Neil Bennett

Personal information
- Full name: Neil Robert Bennett
- Date of birth: 29 October 1980 (age 45)
- Place of birth: Dewsbury, England
- Height: 6 ft 2 in (1.88 m)
- Position: Goalkeeper

Team information
- Current team: Huddersfield Town A.F.C

Youth career
- 000?–1998: Sheffield Wednesday

Senior career*
- Years: Team / Apps / (Gls)
- 1998–2000: Sheffield Wednesday / 0 / (0)
- 2000–2001: Ossett Town
- 2001–2002: Airdrieonians / 10 / (0)
- 2002: Barrow
- 2002–2003: Drogheda United
- 2003: Bradford City / 0 / (0)
- 2003: Rochdale / 1 / (0)
- 2003: Derry City
- 2003–2004: Albion Rovers / 27 / (0)
- 2004–2005: Partick Thistle / 1 / (0)
- 2004: → Forfar Athletic (loan) / 0 / (0)
- 2005–2006: Ossett Town
- 2006–2010: Ossett Albion
- 2010–2012: Guiseley
- 2012–2014: Wakefield
- 2014–2025: Ossett Albion

= Neil Bennett (footballer, born 1980) =

English footballer (born 1980)

Neil Robert Bennett (born 29 October 1980) is an English footballer who plays in the goalkeeping position. He is the current goalkeeper Coach for Huddersfield Town A.F.C.

Bennett began his career as a trainee with Sheffield Wednesday but made no League appearances before being released. He joined Ossett Town in the Northern Premier League First Division and made a number of appearances for them during the 2000–01 season. He then moved north of the border and joined Airdrieonians in the Scottish First Division and made 11 appearances for their first team in the 2001–02 season. He signed for Barrow in August 2002 and made his debut on the opening day of the 2002–03 season at home to Hucknall Town. He was replaced by the fit again Simon Bishop after a 3–0 home defeat by Ashton United in mid September and was released in early October. He then moved to Ireland, signing with Drogheda United in November 2002, and playing for them in a number of League of Ireland matches. Early in 2003, he signed a short-term contract with Bradford City He spent the last two months of the season at Rochdale in March 2003. He trialled with Coventry City in the summer of 2003, but did not join the club. He subsequently moved to play in the League of Ireland with Derry City where he made his debut for the club as a trialist in a high-profile friendly match against Barcelona before signing for the club and playing in the UEFA Cup.

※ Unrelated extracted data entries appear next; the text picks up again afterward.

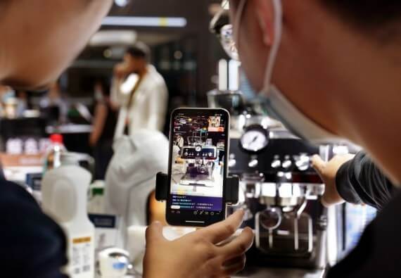 Çin’in doğusundaki Shanghai’da gerçekleşen 4. Çin Uluslararası İthalat Fuarı’nın (CIIE) Tüketici Malları Sergi Alanı’nda internetten canlı yayında kahve makinelerini tanıtan personel.
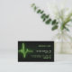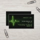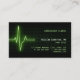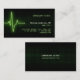 Kundengerechte berufliche Geschäftskartenschablone mit dem medizinischen Thema, das ein glühendes grünes Herzschlag-/Impulsmonitorsignal des Elektrokardiogramms kennzeichnet.
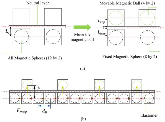 Shape morphing mechanism of MERE actuator. (a) Approximate cross-section of an elastomer; (b) magnetic elastomer and magnetic sphere movement distribution structures.
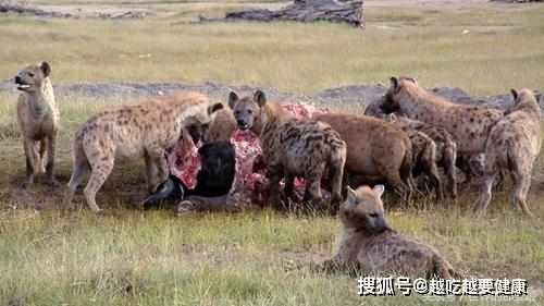 因為鬣狗在攻擊獵物時,二哥一般是選擇團體作戰,一個在前面分散注意力,另外的偷襲後門,雖然有些下流,不過捕獲率很高,通常獵物還沒死,鬣狗就開始吃了,很驚悚的。之前看視頻看了一個聰明的野牛,在灌木叢中蹲下了,鬣狗拿它一點辦法都沒有,最後鬣狗們只能選擇放弃!
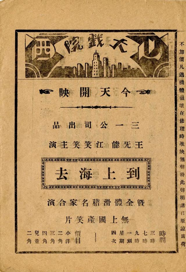 1933年出品的滑稽电影《到上海去》海报
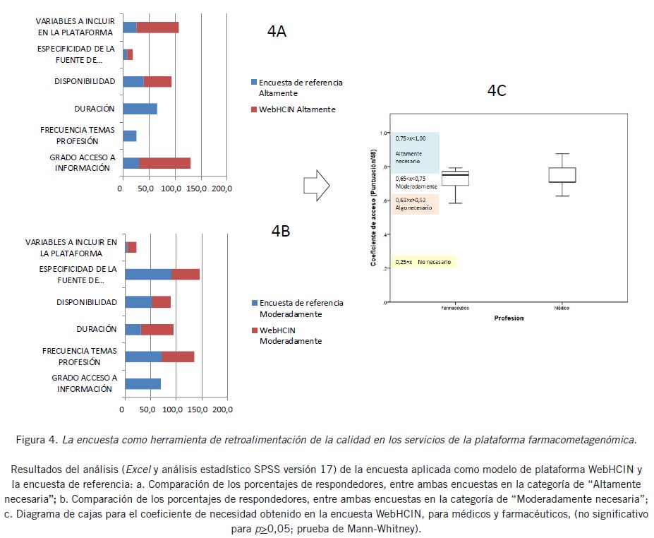Teniendo en cuenta la valoración obtenida de la encuesta WebHCIN, los autores proponen considerar que si más del 50% de los accesos registrados en la encuesta, en determinado período de tiempo, se comportan con un coeficiente de necesidad de acceso entre: 0,75<x<1,00 (categoría “Altamente necesario”) y 0,65<x<0,75 (categoría “Moderadamente necesario”), podría considerarse que la plataforma farmacometagenómica creada tiene una utilidad satisfactoria y que puede continuar generando nuevas propuestas de variables a incluir como elementos de novedad.

In late August 2003 he joined Skelmersdale United.

In September 2003, he moved north of the border again joining Albion Rovers for a season before moving to Partick Thistle in the summer of 2004. During this period he went on loan to Forfar Athletic, but was recalled after one game on the substitute's bench due to an injury for one of Partick's goalkeepers. He was released by Thistle in August 2005.

He later made a return to Ossett Town in September 2005 before moving to Ossett Albion in 2006.

In March 2010 he joined Guiseley. He joined Wakefield in September 2012.